#### EXERCISE:
Each line from the one containing "2023年7月底,我在上海崇明岛拍到了唯美的摘星少年,恰巧一颗流星划破天际。" to the end of the material below is to be restated exactly, with pictures skipped.

#### DATASET EXTRACT:
# # # # # # #

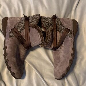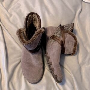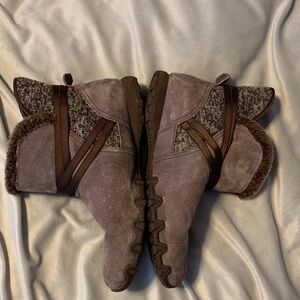 Sketchers faux fur lined ankle suede leather bootie mink brown 10 tweed trim
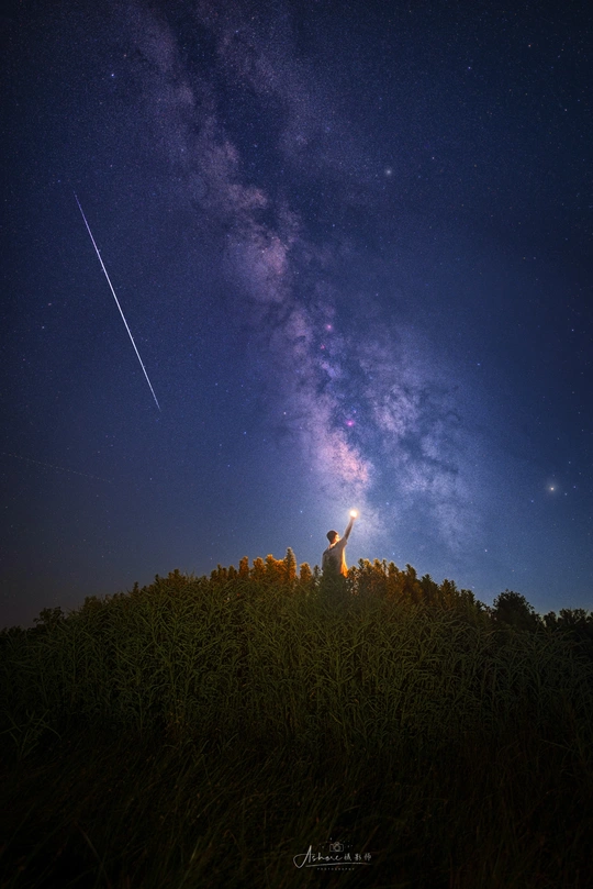 2023年7月底,我在上海崇明岛拍到了唯美的摘星少年,恰巧一颗流星划破天际。
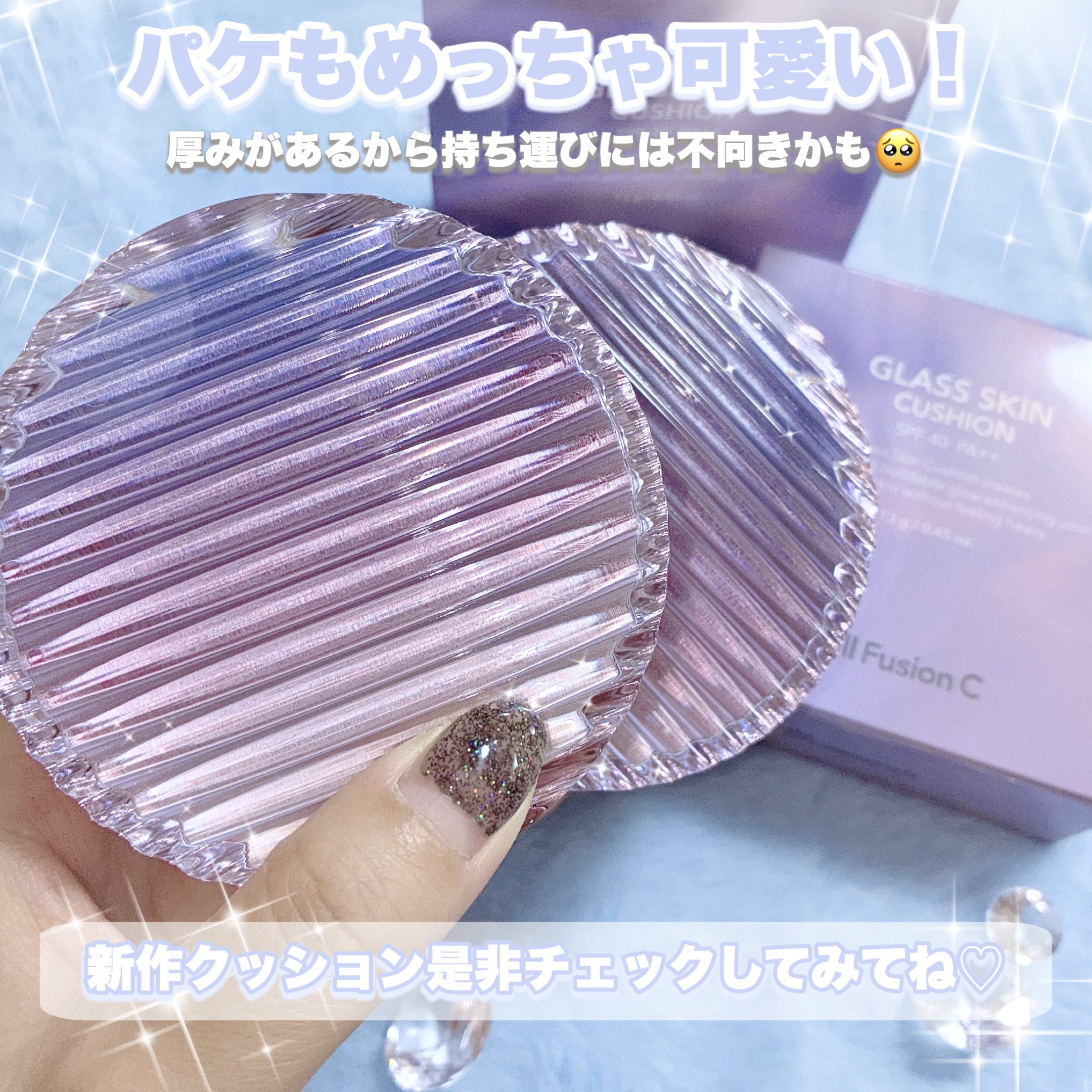 PR▷セルフュージョンCグラススキンクッション19Cゆめかわパケにときめく💜ツヤ肌仕上がりが好き、けど崩れにくいクッション求めてる方にぜひ推したい!厚塗り感なく、赤みや毛穴・薄めのシミ等カバー✨️濃いクマもある程度🙆🏻♀️70%スキンケア成...

# # # # # # #

#### COMPLETED TASK:
 2023年7月底,我在上海崇明岛拍到了唯美的摘星少年,恰巧一颗流星划破天际。
 PR▷セルフュージョンCグラススキンクッション19Cゆめかわパケにときめく💜ツヤ肌仕上がりが好き、けど崩れにくいクッション求めてる方にぜひ推したい!厚塗り感なく、赤みや毛穴・薄めのシミ等カバー✨️濃いクマもある程度🙆🏻♀️70%スキンケア成...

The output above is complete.